IBM Verify app for one-time passcode since Google Authenticator is insecure and outdated (not updated in last 2 years), and 1Password.

self-hosted: passbolt

cloud/saas: keeper security

Both have very good enterprise features and are predominantly focused on keeping control over shared credentials compliant.

Very happy with passbolt so far for those "very secret" credentials that could be exposed by an adversary on 3rd party services.

As others have mentioned, bitwarden is excellent also and has the advantage of built-in 2fa and other things.

1password for me, but I only use it for administrators.

For everyone outside of the startup bubble, Active Directory is king of SSO. We have it in hybrid mode with on site DC's synced to Azure AD. Now everyone is logged into Office, they have onedrive for files and Teams for messaging/conferencing.

When I evaluate a service it needs to connect to AD or I often feel like we're better off without it....

Keeper Security is the best password manager. It allows me to keep all my passwords and codes safe.

FYI: LastPass browser plugin appears broken starting 24-48 hours ago and not pasting the password.

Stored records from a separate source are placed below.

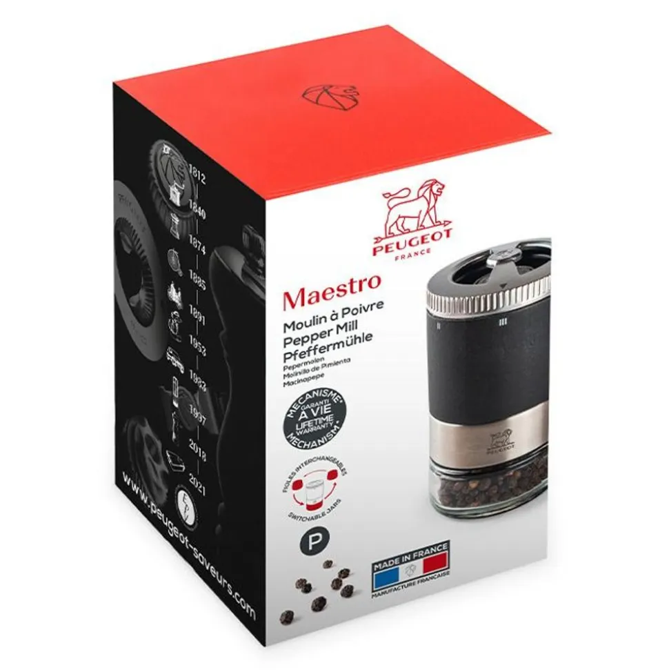 Met zijn houten behuizing en glazen schroefreservoir vormt de Maestro het pronkstuk van Peugeots peperbar, en dankzij het gepatenteerde u’Select-systeem pas je de maalgraad in een handomdraai aan van fijn naar grof. De molen wordt geleverd met fruitige zwarte kampotpeper, apart verpakt in een vershoudzakje voor optimale bewaring van het aroma.
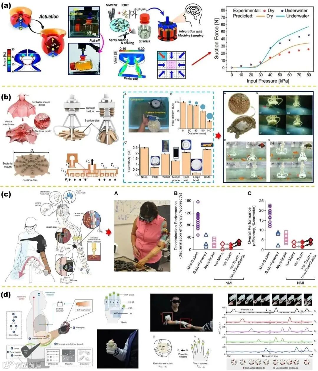 近年来,机器人和刚性机械手得到了广泛的应用,而软体机械手的出现,将任务操作的性能提高到了一个新的层面(如图4)。作者分别从水下、医疗、农业、工业领域介绍了软体机械手的应用场景,如水下活体生物抓取、神经假肢、果蔬采摘与分类、货物搬运等。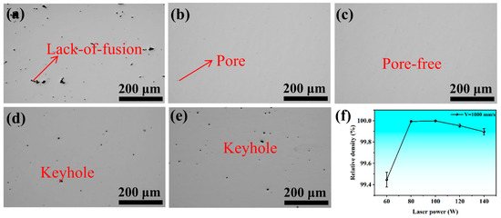 Relative density at 1000 mm/s scanning speed under different laser power: (a) P = 60 W; (b) P = 80 W; (c) P = 100 W; (d) P = 120 W; (e) P = 140 W; (f) the changing trend.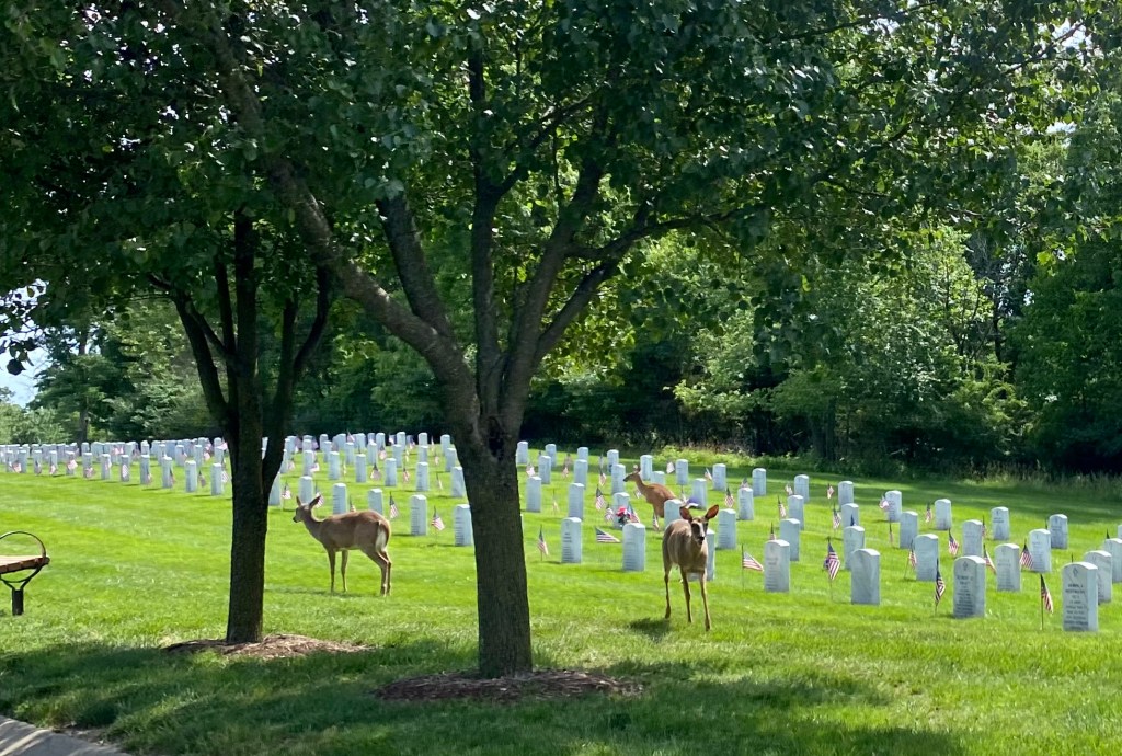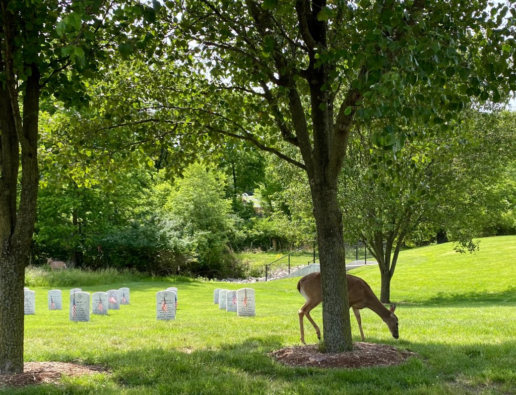 As we were driving through this most impressive cemetery, we spotted the deer that are often seen wandering around the graves. Every grave in this cemetery is numbered with a section letter and number. It is engraved on the back of each tombstone. We were searching for section I. We knew it was towards the back and on top of a hill. Getting there was tricky, so at each intersection I asked the volunteer again so I could find my way.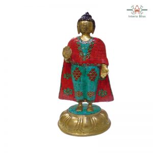 The standing Buddha is indicative of being stationary, with both feet planted firmly side-by-side. During this position, the Buddha has stopped, and the reason for this halt can be determined by the mudra of the hands.This Buddha image embodies the qualities of radiant inner calm and stillness, the products of supreme wisdom.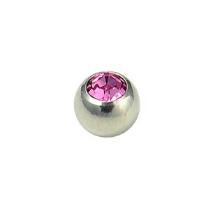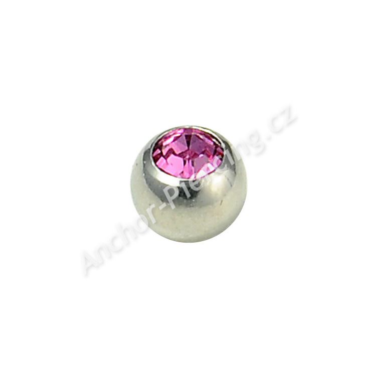 Piercingová kulička z chirurgické ocele 316L s růžovým kamínkem.

It's definitely _NOT_ LastPass.

I use the one built into Firefox. Probably not a good fit for your situation, but it's saved my bacon at least once: I started to enter my credentials on a site and then thought "wait, why didn't Firefox auto-fill my credentials here?" Then I noticed the domain didn't match the rest of the site.

Keepass on a shared drive or something like Dropbox has always worked well for me.

Bitwarden is amazing! And I have tried all of them over the last few years.

worth looking at Myki, offline, 2FA and shared access to the team https://myki.com/teams/

Keeper is the clear winner in our companies testing.

PasswordState?

corp wise we use thychotic secret server.

its pretty clunky but works well enough i guess.

personally i use bitwarden.

AWS Secret Manager?

sticky notes under your desk

Okta

Thycotic Secret Server, hands down.

bitwarden_rs

The human brain.

hunter2

stop sharing passwords!

I’d be rethinking the hundred services, to be honest.

I am, give me your passwords and I will manage them.

Why not using HashiCorp Vault, supported by ActiveDirectory?

No password manager supports multiple levels of security conveniently, so I'm forced to use two managers.

For web browsing, passwords often protect the site not me (magazine logins...). One wants a manager to stay open during browsing sessions, so one doesn't have to type the master password for every single use.

For financial transactions, one wants zero risk of someone cracking your financial security because they enjoyed thirty seconds physical access while you stepped away from your desk.

(Be reasonable: No one is going to set up a proximity monitor that locks their screen if they lean back in their chair, any more than they'll rig a trip wire shotgun to protect their data. Don't propose a version of this. I want convenience, so secure data needs extreme protection, not my browser during thirty second gaps.)

I've begged 1Password for years to allow certain passwords to be marked "secure" invoking all obvious measures: A second password needed to unlock, immediately locks again after use. No dice. They've tried offering a few alternatives that are so inconvenient that using a second manager is frankly easier.

Remember how Steve Jobs made his fortune: the iPod assumed people were stupid. The flat file system was corrected in the first year of the Mac, but reintroduced for the iPod for "ease of use". Similarly, I honestly don't believe that password managers are foremost concerned with security. They're concerned with sales.

Dashlane is no better, but it's a second system that I prefer for financial passwords.